Впрочем, у истоков этого процесса в литературе опять-таки стоял Н.В.Гоголь. "Мертвые души" доказали, что неразрывно связанные друг с другом жизнь / смерть, живое /мертвое, душа / тело способны бытийствовать вполне обособленно друг от друга: можно жить и умереть без души, как умереть и жить вне тела.

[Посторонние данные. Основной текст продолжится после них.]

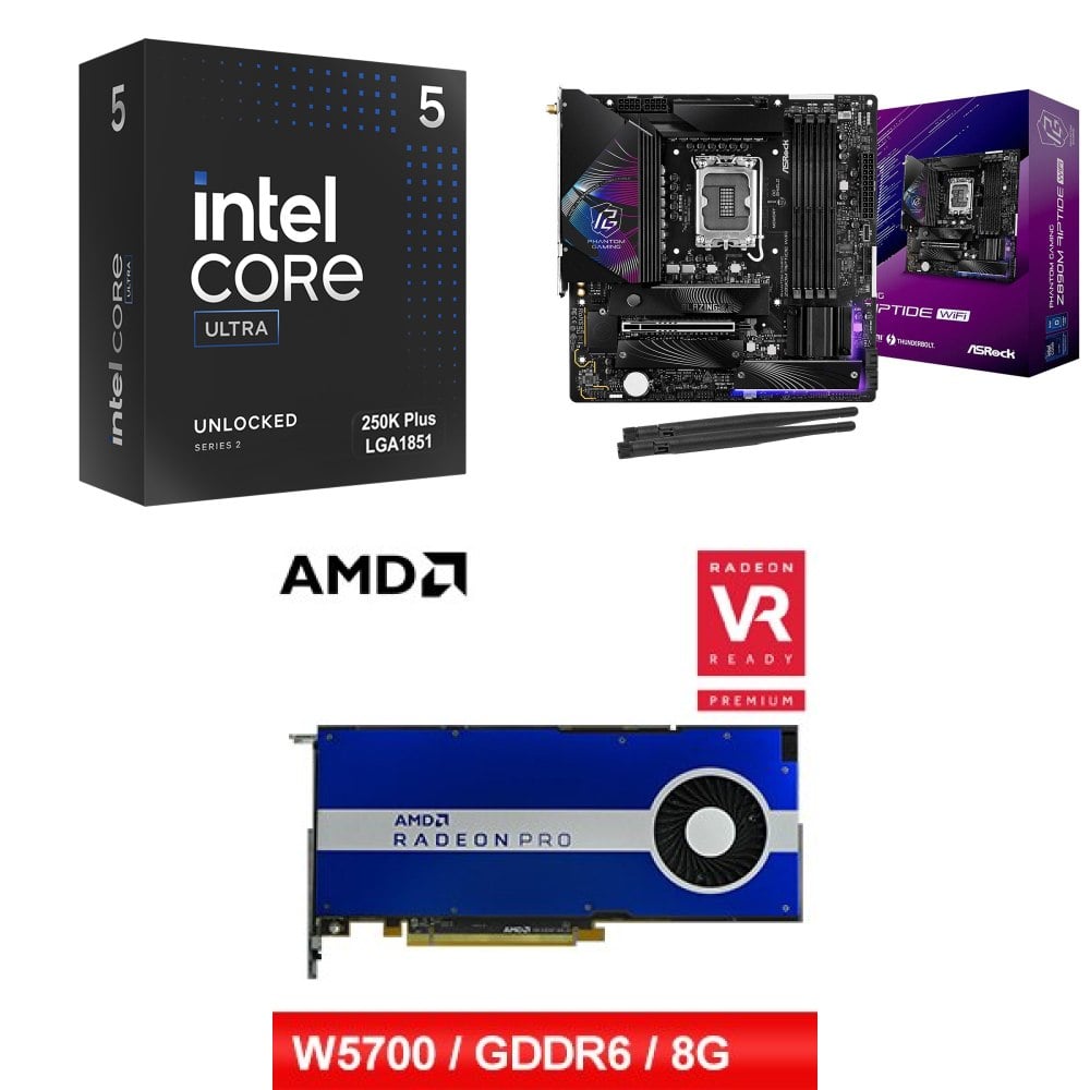☆裝機配★ Ultra5 250K Plus+華擎 Z890M Riptide WiFi D5 MATX主機板+AMD RadeonPro W5700 8G 256bit專業繪圖卡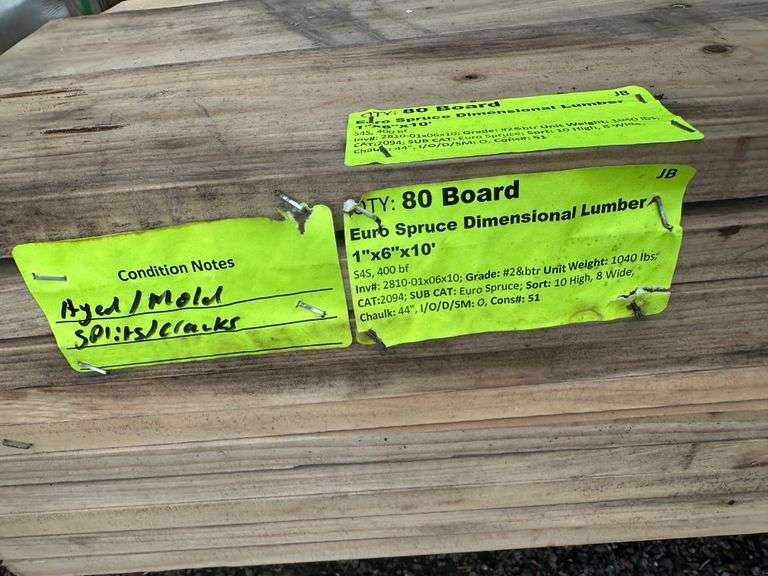 Euro Spruce Dimensional Lumber 1"x6"x10'. S4S, 400 Board Foot, Grade: #2&btr, *Condition Notes: Aged/Mold, Splits/Cracks, Please See Photos* Weight: 1040. Sold by: Board. Sold as: Price x Quantity.
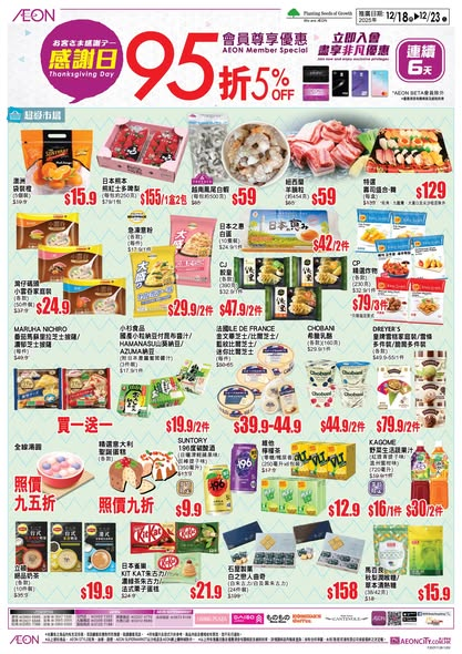 12月18日至12月23日於「感謝日」期間憑會員卡/指定AEON信用卡以指定付款方式購物,即可享有即時照價九五折優惠** 即刻㩒入嚟睇吓有咩筍貨啦~

Принципиален и еще один момент. В "Выбранных местах из переписки с друзьями" (письмо "В чем же, наконец, существо русской поэзии и в чем ее особенность") Н.В.Гоголь закрепляет за каждым поэтом четко сформулированный комплекс характерологических и поведенческих проявлений. М. В. Ломоносов и Г.Р.Державин, по его мнению, отразили пафос русского богатырства, размах души и воображения, принимающий подчас гиперболические формы [15: 216-219]. Поэзия В.А.Жуковского исполнена славянской мечтательности, стремления к неизъяснимому [15: 221-222]. К.Н.Батюшков "выказал" "всю очаровательную прелесть осязаемой существенности" [15: 225]. Один
А. С.Пушкин явил полноту национального духа, откликнувшись всем и на все: "...все черты нашей природы в нем отозвались" [15: 231]. И не только "нашей", но и других народов (отсюда пушкинский протеизм): "В Испании он испанец, с греком - грек, на Кавказе - вольный горец." и т.п. [15: 231].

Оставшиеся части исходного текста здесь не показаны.